In my acting conservatory (which ran Monday-Friday, four hours a day), I struggled with showing up to class and going on as normal when anti-Asian hate crimes tripled that year. After the Atlanta Spa Shooting, the studio—spearheaded by their only Asian employee—decided to create a support group for their students of color. I didn’t go. I asked them why there needed to be a separate space for us to process our feelings, when the issue was the white and instructors students being oblivious about race.
Why is the onus on us, again and again, to bend and cater when the issue is—and always has been—the white powers that be?
Why, in order for progress to be made, does the burden of change fall on the people who suffers the most under whiteness?
This award season was bleak to me, despite Everything Everywhere All At Once sweeping major categories. I wrote an op-ed for Teen Vogue on how distressing it is to hear Michelle Yeoh, Ke Huy Quan, the Daniels, etc give speech after speech about how they preserved. Quan almost quit acting because no one would give him a job. He still lives in fear that history will repeat itself. Their triumph is bittersweet because it’s not a story about how they conquered; it’s a history lesson in how Hollywood has actively tried to erase us.
“We feel like to be successful, we have to suffer,” Roach said to The Cut. For the Yeohs and Quans of the world to get their moment in the sun, they must first have to be dismissed, belittled, excluded, and tormented. I am tired of these narratives; I no longer want to romanticize this idea that our calling is in the overcoming. I want institutions like Hollywood, like the fashion world, like the United States of America, to stop clapping for our resilience and instead just move out of the way for a change.
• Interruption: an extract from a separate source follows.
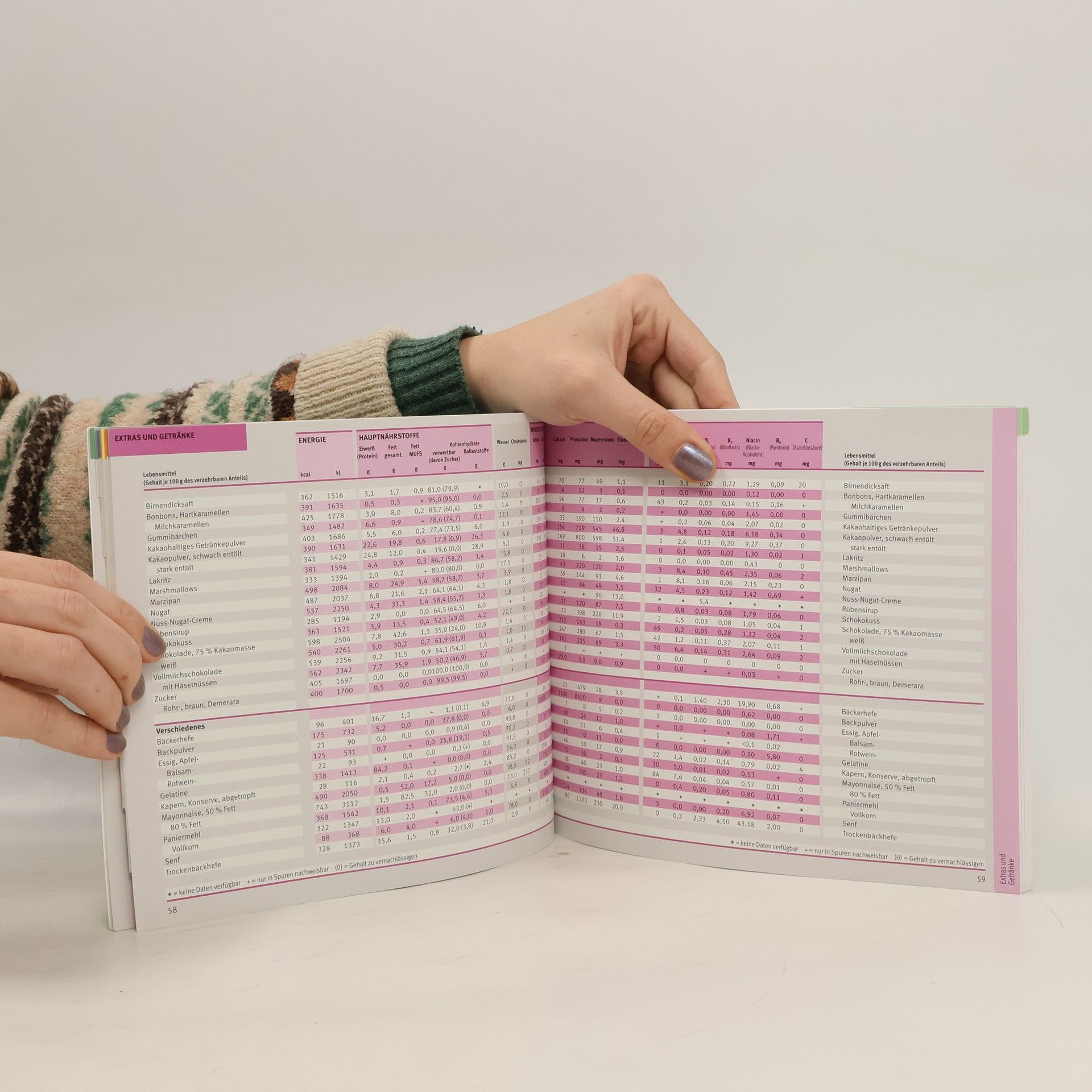 Die Nährwert-Kalorien-Tabelle ist seit Jahren der erfolgreichste und bei Ernährungsexperten anerkannte Klassiker. Über 20.000 Nährwertangaben bieten einen fundierten Überblick über die Nahrungsmittel, die wir täglich zu uns nehmen. Praktisch und benutzerfreundlich liefert die Tabelle wertvolle Informationen über alle wichtigen Inhaltsstoffe unserer Nahrung und berücksichtigt die aktuellen Referenzwerte der DGE (Deutsche Gesellschaft für Ernährung) zur Nährstoffzufuhr. Das nach Lebensmittelgruppen sortierte Griff-Register und die vielen Sondertabellen, z. B. für Diabetiker oder Allergiker, bieten eine sehr gute Übersicht über zahlreiche Produkte.
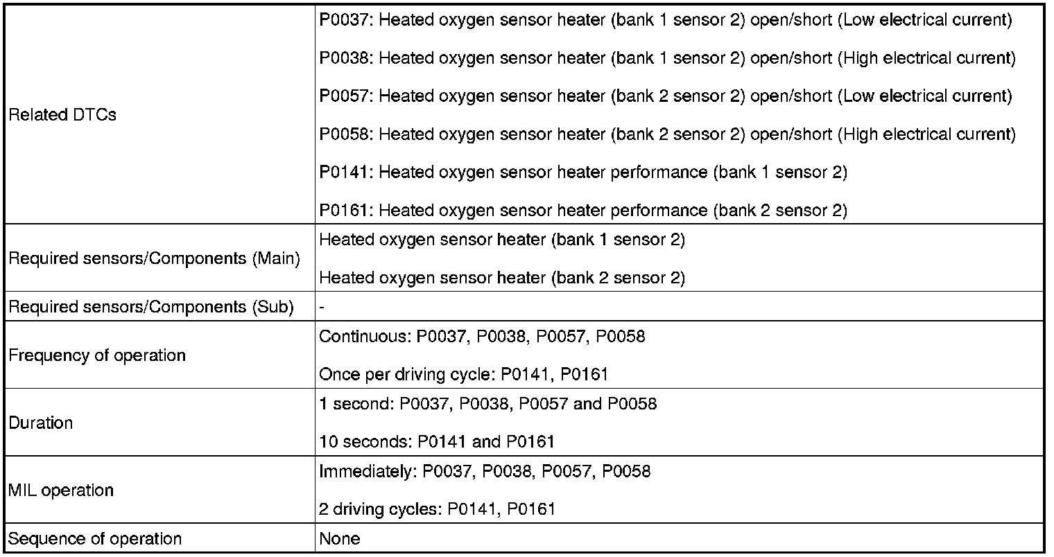 Heated oxygen sensor heater range check (P0037,P0038, P0057 and P0058):

I used to worry more about being palatable. The immigrant nature in me still craves acceptance, or at least the illusion of it. Even when I write about race, there’s a part of my brain that fears how powerful white people in my network will react. But the centering of their feelings is the very status quo that I want to dismantle. Roach is leaving styling because there was no one to protect him (a sentiment that breaks my heart). For all his contributions, he was left vulnerable against these systems of whiteness and those who safeguard it.
And that in itself is the hardest, most liberating truth: institutions will not free us.
In 2023, I made a resolution to give up this idea of reformation. I do not care to be on the inside where power is—I have been in those rooms and it is four bleak walls, no different than a prison. At 26, I do not dream of being Atlas with his mountain on his back, holding the sky from falling. Instead, I will dedicate my labor to building new land and creating a village with the people I love, who have never been prioritized under the old world order. Like Roach, I am no longer stretching myself to meet my oppressors at their half-way point of their guilt and humanity.
If the mountain wants to move, it will have to come to me.